In the entries that follow, repeat exactly the lines from the one that has "So với năm 2019, một" through the one that has "เหรียญกลมพิมพ์เล็ก สมเด็จพระพุฒาจารย์ โต", but omit pictures.

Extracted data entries
·····

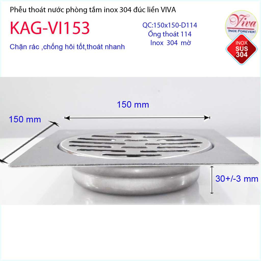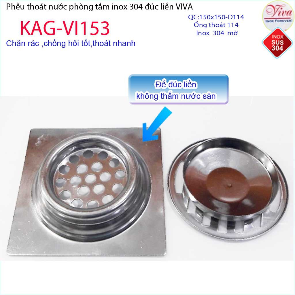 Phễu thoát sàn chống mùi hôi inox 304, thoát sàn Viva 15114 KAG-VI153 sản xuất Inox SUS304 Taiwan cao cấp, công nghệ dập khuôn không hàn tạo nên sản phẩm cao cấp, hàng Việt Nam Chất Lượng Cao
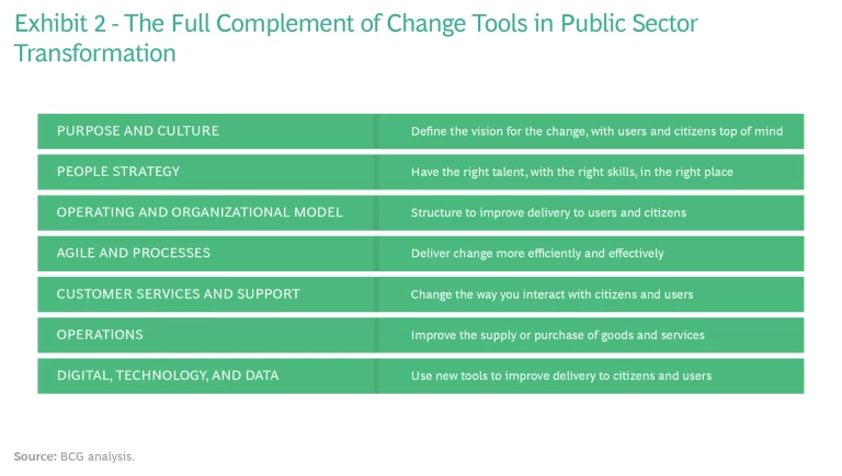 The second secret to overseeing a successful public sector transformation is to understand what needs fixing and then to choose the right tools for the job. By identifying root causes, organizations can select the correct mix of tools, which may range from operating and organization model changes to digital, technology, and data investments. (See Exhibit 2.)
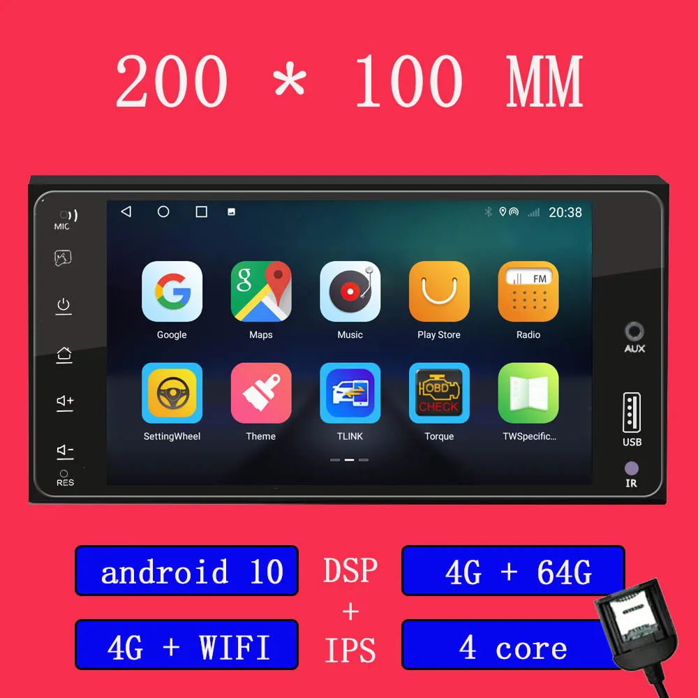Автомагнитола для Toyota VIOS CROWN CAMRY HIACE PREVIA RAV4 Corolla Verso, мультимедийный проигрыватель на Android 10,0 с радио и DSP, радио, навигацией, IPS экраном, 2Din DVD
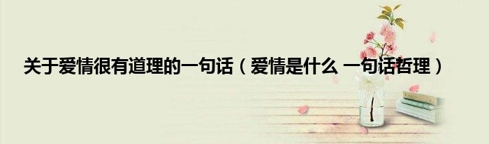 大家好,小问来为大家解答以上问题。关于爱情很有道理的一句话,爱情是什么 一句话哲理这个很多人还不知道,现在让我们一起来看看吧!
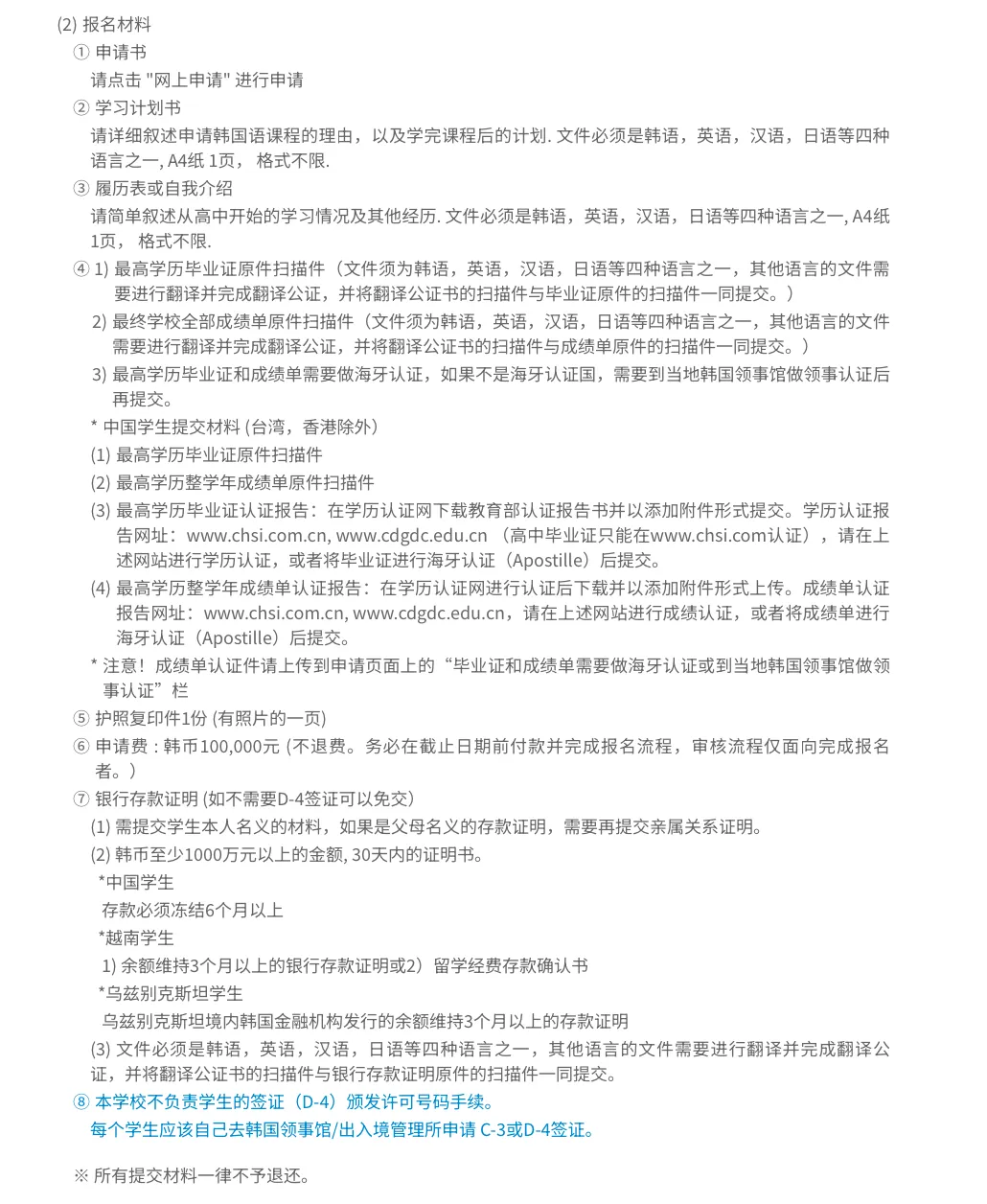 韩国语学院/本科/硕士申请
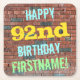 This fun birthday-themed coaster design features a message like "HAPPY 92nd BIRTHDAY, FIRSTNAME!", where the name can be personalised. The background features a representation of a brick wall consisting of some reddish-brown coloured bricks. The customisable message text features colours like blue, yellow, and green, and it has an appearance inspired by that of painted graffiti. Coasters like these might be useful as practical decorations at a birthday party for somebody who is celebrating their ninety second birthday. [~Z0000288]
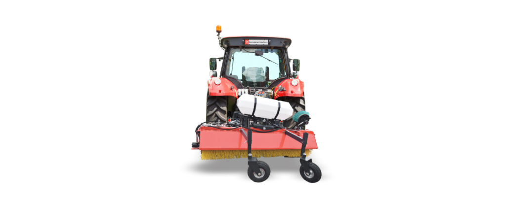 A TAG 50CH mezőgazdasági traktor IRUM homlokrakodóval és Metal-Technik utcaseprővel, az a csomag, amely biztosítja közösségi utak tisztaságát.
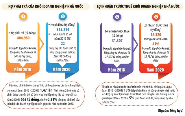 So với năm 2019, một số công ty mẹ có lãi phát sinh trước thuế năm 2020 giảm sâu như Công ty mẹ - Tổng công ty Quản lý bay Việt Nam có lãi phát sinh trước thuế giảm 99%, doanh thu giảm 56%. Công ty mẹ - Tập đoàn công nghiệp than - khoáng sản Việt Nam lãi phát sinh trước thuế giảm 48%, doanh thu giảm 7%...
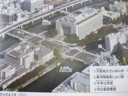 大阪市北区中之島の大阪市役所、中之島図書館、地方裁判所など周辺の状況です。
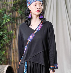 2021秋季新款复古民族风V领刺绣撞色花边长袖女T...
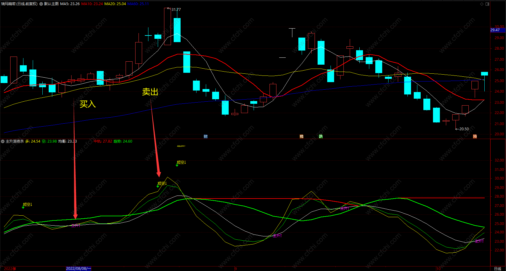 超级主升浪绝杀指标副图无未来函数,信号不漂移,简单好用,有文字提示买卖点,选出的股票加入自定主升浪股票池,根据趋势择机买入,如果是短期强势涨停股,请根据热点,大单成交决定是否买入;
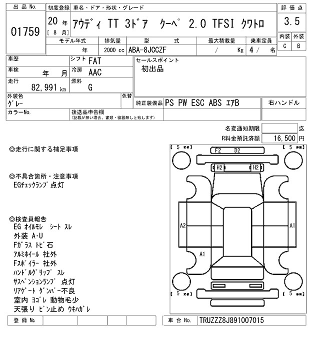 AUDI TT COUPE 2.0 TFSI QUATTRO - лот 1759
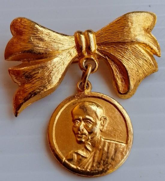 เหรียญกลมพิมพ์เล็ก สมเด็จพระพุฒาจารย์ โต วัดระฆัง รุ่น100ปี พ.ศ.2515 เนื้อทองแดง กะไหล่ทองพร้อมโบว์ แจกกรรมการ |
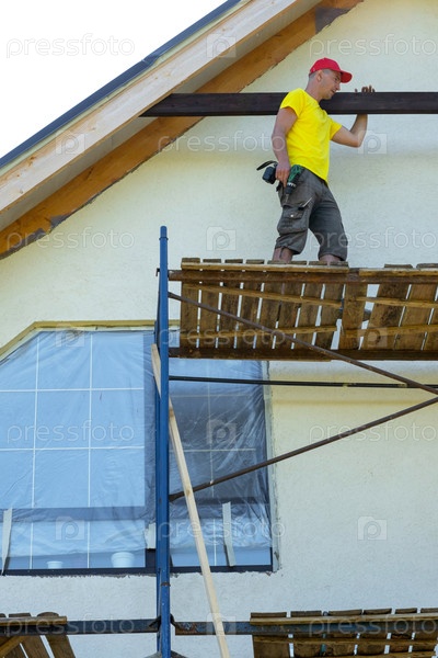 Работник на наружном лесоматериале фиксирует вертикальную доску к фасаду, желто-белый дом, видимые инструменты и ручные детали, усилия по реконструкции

·····

● Expected output
 So với năm 2019, một số công ty mẹ có lãi phát sinh trước thuế năm 2020 giảm sâu như Công ty mẹ - Tổng công ty Quản lý bay Việt Nam có lãi phát sinh trước thuế giảm 99%, doanh thu giảm 56%. Công ty mẹ - Tập đoàn công nghiệp than - khoáng sản Việt Nam lãi phát sinh trước thuế giảm 48%, doanh thu giảm 7%...
 大阪市北区中之島の大阪市役所、中之島図書館、地方裁判所など周辺の状況です。
 2021秋季新款复古民族风V领刺绣撞色花边长袖女T...
 超级主升浪绝杀指标副图无未来函数,信号不漂移,简单好用,有文字提示买卖点,选出的股票加入自定主升浪股票池,根据趋势择机买入,如果是短期强势涨停股,请根据热点,大单成交决定是否买入;
 AUDI TT COUPE 2.0 TFSI QUATTRO - лот 1759
 เหรียญกลมพิมพ์เล็ก สมเด็จพระพุฒาจารย์ โต วัดระฆัง รุ่น100ปี พ.ศ.2515 เนื้อทองแดง กะไหล่ทองพร้อมโบว์ แจกกรรมการ |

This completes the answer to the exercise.